Prompt:
Starting at the line that contains "72 Inch - Six", write out each line through the end of the data below, exactly as it stands. Skip any pictures.

Data section:
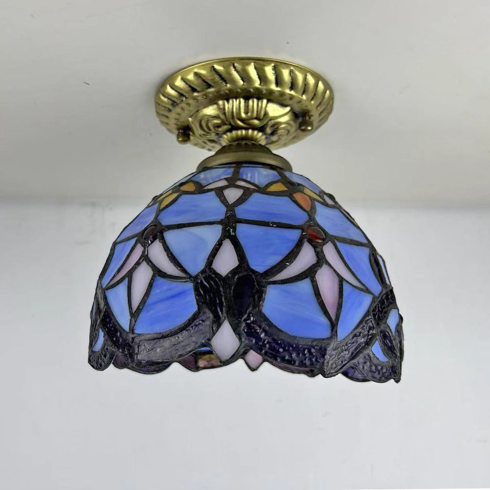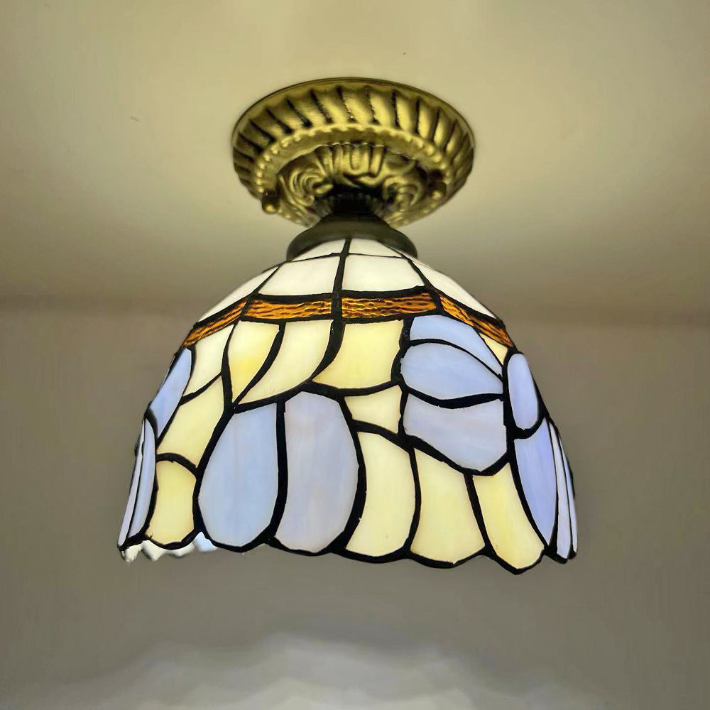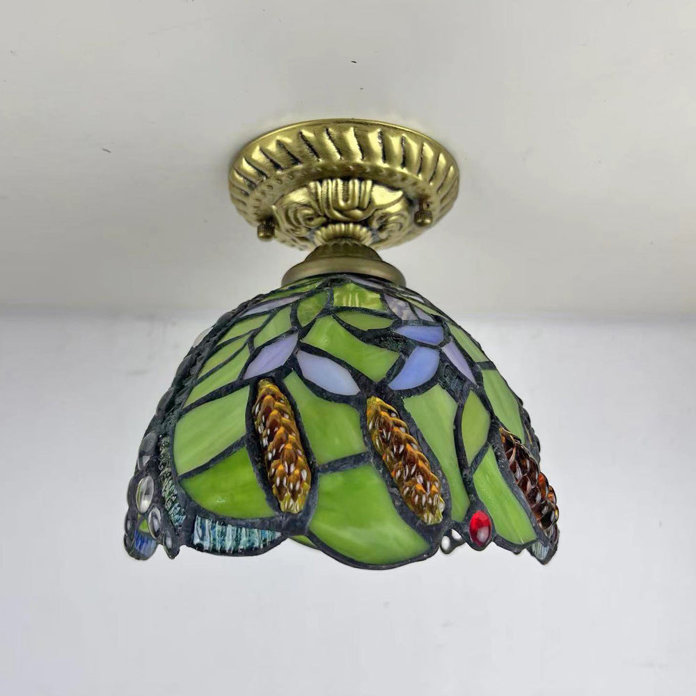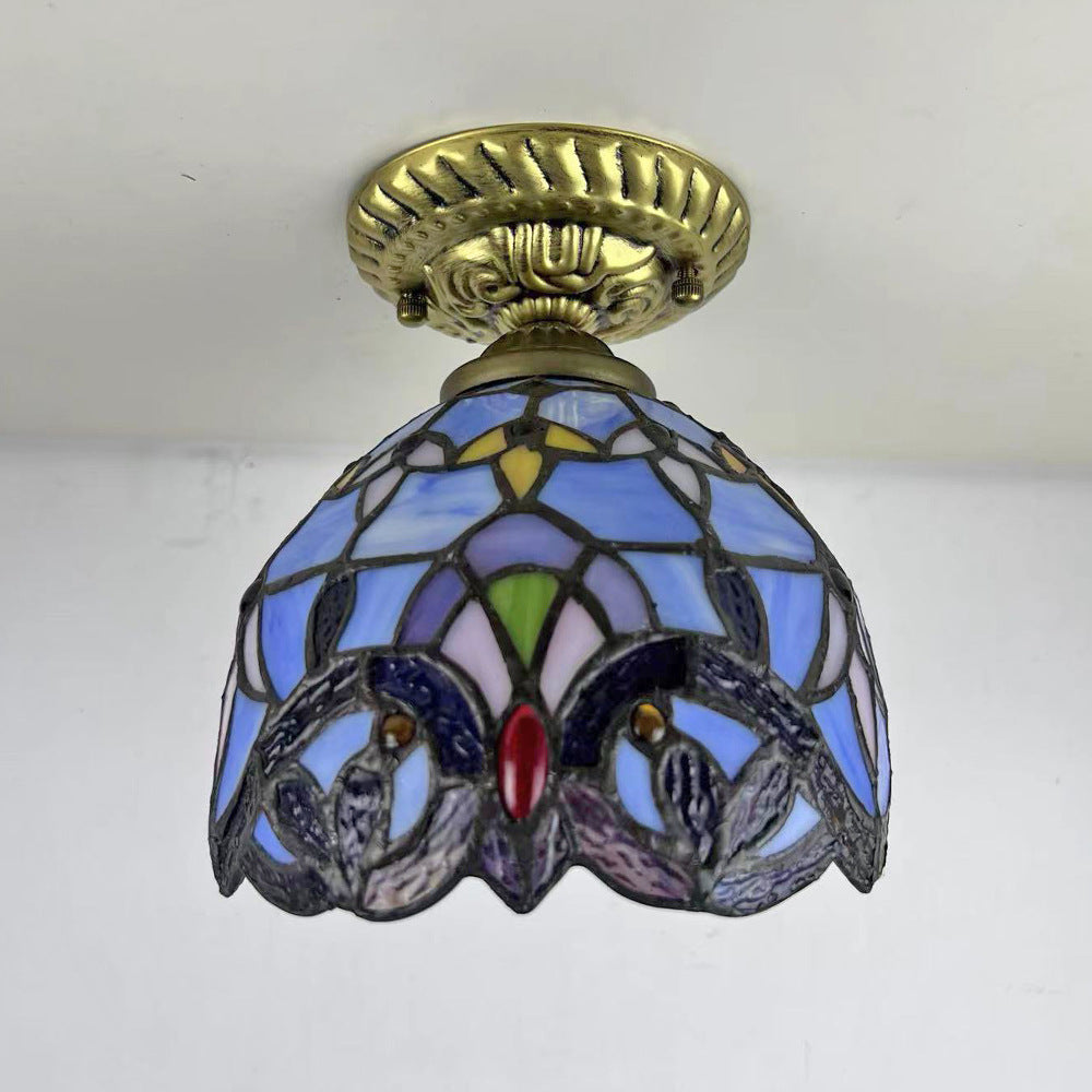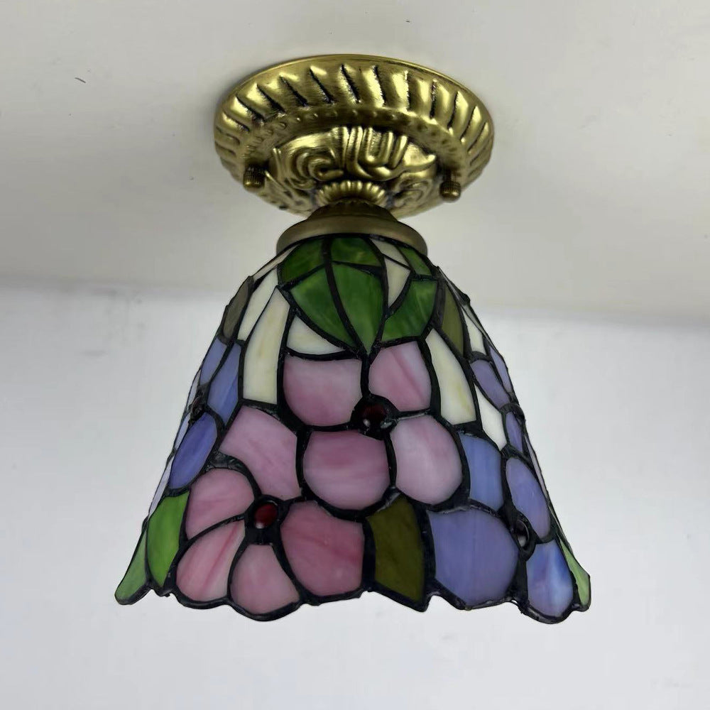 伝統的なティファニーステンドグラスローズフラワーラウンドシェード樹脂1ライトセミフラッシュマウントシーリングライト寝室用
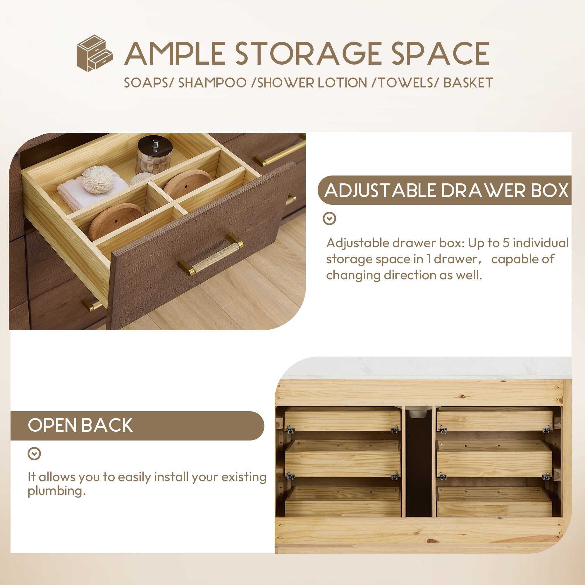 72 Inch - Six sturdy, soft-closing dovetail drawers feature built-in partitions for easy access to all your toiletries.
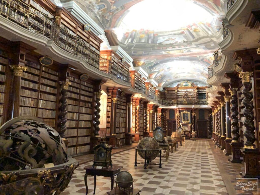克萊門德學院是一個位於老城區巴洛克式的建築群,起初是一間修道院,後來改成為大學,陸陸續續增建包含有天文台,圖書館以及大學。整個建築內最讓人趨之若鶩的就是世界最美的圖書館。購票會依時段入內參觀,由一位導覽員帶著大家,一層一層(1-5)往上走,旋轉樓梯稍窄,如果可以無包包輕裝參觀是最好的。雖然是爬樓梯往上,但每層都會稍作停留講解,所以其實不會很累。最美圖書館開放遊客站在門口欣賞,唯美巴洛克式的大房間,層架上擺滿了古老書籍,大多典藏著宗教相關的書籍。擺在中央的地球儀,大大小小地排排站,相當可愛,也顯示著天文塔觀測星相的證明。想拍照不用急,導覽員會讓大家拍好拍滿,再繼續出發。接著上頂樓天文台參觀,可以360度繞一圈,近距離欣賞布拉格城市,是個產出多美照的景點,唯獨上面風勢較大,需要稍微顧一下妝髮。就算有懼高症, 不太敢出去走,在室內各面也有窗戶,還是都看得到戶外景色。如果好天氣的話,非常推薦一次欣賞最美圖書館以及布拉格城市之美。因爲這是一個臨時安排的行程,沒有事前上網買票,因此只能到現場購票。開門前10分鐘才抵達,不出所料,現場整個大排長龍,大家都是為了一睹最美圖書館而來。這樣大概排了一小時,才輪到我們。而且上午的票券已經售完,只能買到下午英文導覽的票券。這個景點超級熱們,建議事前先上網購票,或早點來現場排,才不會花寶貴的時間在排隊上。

Worked solution:
 72 Inch - Six sturdy, soft-closing dovetail drawers feature built-in partitions for easy access to all your toiletries.
克萊門德學院是一個位於老城區巴洛克式的建築群,起初是一間修道院,後來改成為大學,陸陸續續增建包含有天文台,圖書館以及大學。整個建築內最讓人趨之若鶩的就是世界最美的圖書館。購票會依時段入內參觀,由一位導覽員帶著大家,一層一層(1-5)往上走,旋轉樓梯稍窄,如果可以無包包輕裝參觀是最好的。雖然是爬樓梯往上,但每層都會稍作停留講解,所以其實不會很累。最美圖書館開放遊客站在門口欣賞,唯美巴洛克式的大房間,層架上擺滿了古老書籍,大多典藏著宗教相關的書籍。擺在中央的地球儀,大大小小地排排站,相當可愛,也顯示著天文塔觀測星相的證明。想拍照不用急,導覽員會讓大家拍好拍滿,再繼續出發。接著上頂樓天文台參觀,可以360度繞一圈,近距離欣賞布拉格城市,是個產出多美照的景點,唯獨上面風勢較大,需要稍微顧一下妝髮。就算有懼高症, 不太敢出去走,在室內各面也有窗戶,還是都看得到戶外景色。如果好天氣的話,非常推薦一次欣賞最美圖書館以及布拉格城市之美。因爲這是一個臨時安排的行程,沒有事前上網買票,因此只能到現場購票。開門前10分鐘才抵達,不出所料,現場整個大排長龍,大家都是為了一睹最美圖書館而來。這樣大概排了一小時,才輪到我們。而且上午的票券已經售完,只能買到下午英文導覽的票券。這個景點超級熱們,建議事前先上網購票,或早點來現場排,才不會花寶貴的時間在排隊上。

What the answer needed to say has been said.